Разумеется, все мои блестящие перспективы пошли прахом.
Развеялись, как прах Индиры Ганди над Индийским океаном, или где эта обезьяна велела себя похоронить. Помню, я был совсем маленький, когда ее убили. Сидел на коленях отца и говорил:
– Индила Ганди… – говорил я.
– А это сто обезьяна такая, – говорил я.
Отец смеялся – он вообще был немногословен, – и подкидывал меня на колене. Чтобы пропасть потом еще на год-два. Он вечно пропадал. То в Афганистане, то в Чернобыле, а потом в каких-то африканских странах, куда он ездил продавать оружие, доставшееся молдаванам в наследство от Совка. Нам с братом его не хватало, и в раннем детстве мы плакали. Нет, не Совка, отца. А потом привыкли. На кой ему это надо было, я никогда не понимал. Сейчас тоже не понимаю. Хотя, если честно, все я понимаю, потому что умудрился-таки стать писателем, несмотря на то, что упорно отворачивался от себя.
А писатели – умные люди.
Он просто бежал от нас все время.
Я готов был осудить его за это, когда понял, да только к тому времени у меня у самого уже родился сын.
И я сам сделал все, чтобы от него сбежать.
Ну так вот, отец. Он в спортинтернат приехал вторым. Первым был дядя, бандит. Наверное, только из-за него меня не прибил тренер и вся его компашка друзей-спортсменов. Дядя приехал на БМВ, в компании мужчин в меховых шапках и с толстыми золотыми цепями.
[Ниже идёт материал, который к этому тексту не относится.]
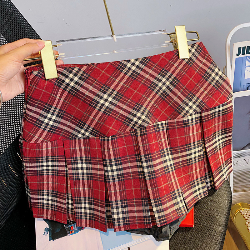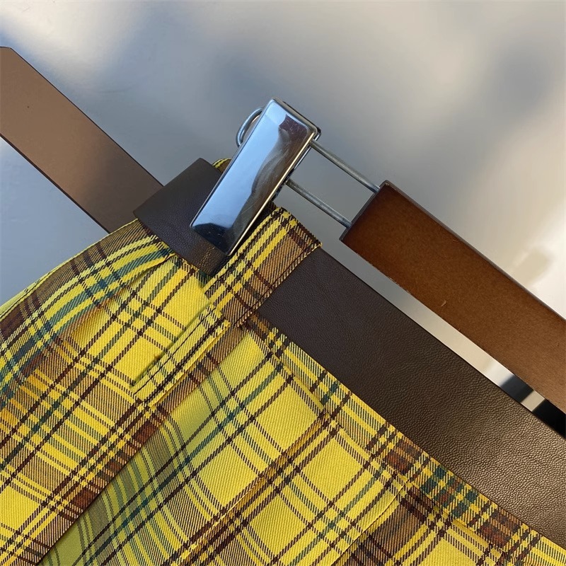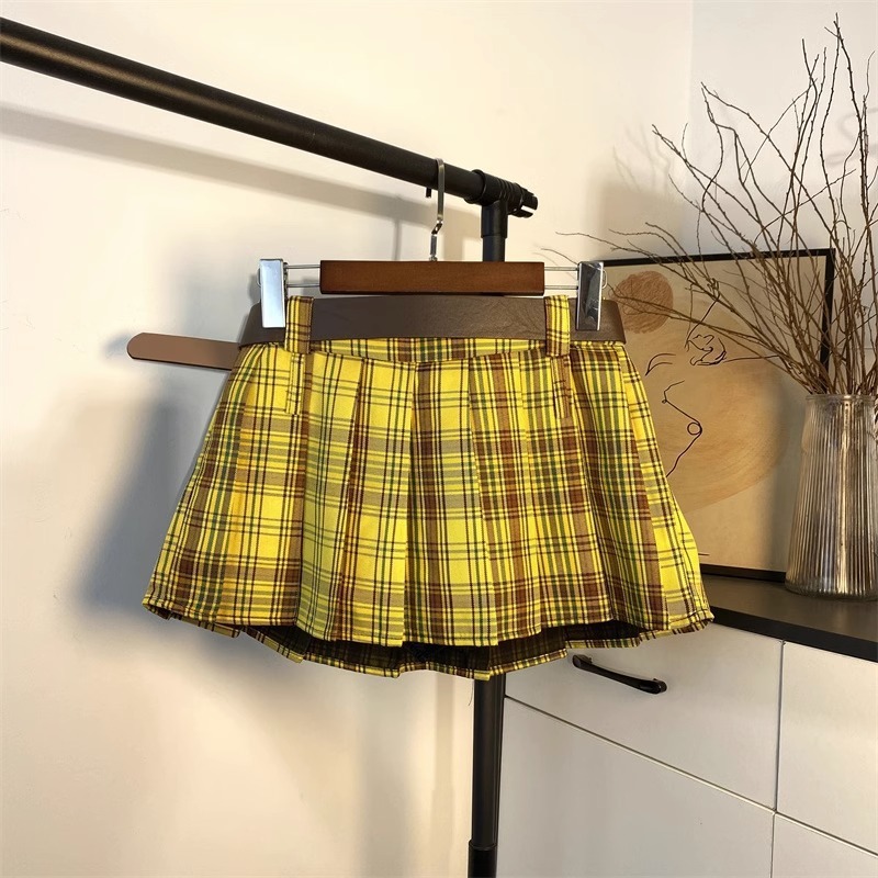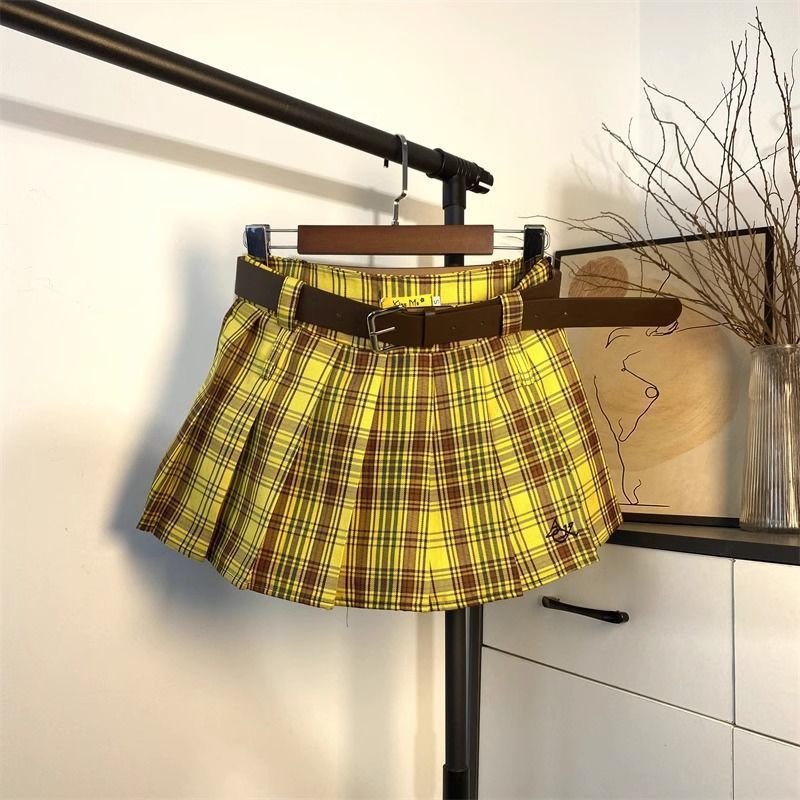 미국 스타일 짧은 치마 격자 무늬 스커트 여성 여름 스커트 벨트 새로운 높은 허리 슬리밍 A-라인 주름 치마 노란색 격자 무늬 스커트스토어 가기

Они Переговорили. Тренер поостыл. Ну, в смысле убить. Но насчет исключения все было решено.
– Дело молодое, – сказал мне дядя.
– Поживешь немножко с родителями, – сказал мне дядя.
– То се, год-два, а там и институт, – сказал он.
– Тогда и женитесь со своей девчонкой, – сказал он.
– Терпение, – сказал он.
Спутники дяди смотрели на меня с восхищением. «Хулиган и отличница». Для полноты картины мне не хватало лишь быть сыном прокурора, который, не зная об этом, осудил бы меня на рассрел, а потом повесился.
И о нас сочинил бы песню певец Круг.
…Дядя поговорил со мной немножко, разыгрывая из себя дона Карлеоне.
И уехал куда-то, чтобы всплыть через 5 лет в Босфоре с 10 пулевыми ранами в грудной клетке.
Ведь, как и всякий славянин, он мечтал покорить Константинополь.
…Следующим был отец. Когда он приехал забирать меня из спортинтерната, он не проронил ни слова. Просто помог мне нести сумку с вещами до машины, и молча смотрел, как я сходил за еще одной сумкой, поменьше. Двор был весь выстлан палой листвой.
Я глянул вверх, и мне показалось, что заметил в одном из окон лицо Лены.
Отец молча открыл мне дверь, я уселся – на переднее сидение – и мы поехали. Я смотрел в боковое стекло все время, что мы разворачивались и уезжали, смотрел очень внимательно, но так и не увидел больше ее лица. Потом поглядел тайком на отца, который сосредоточенно рулил, выезжая из города. Съежился. Я ожидал неприятностей.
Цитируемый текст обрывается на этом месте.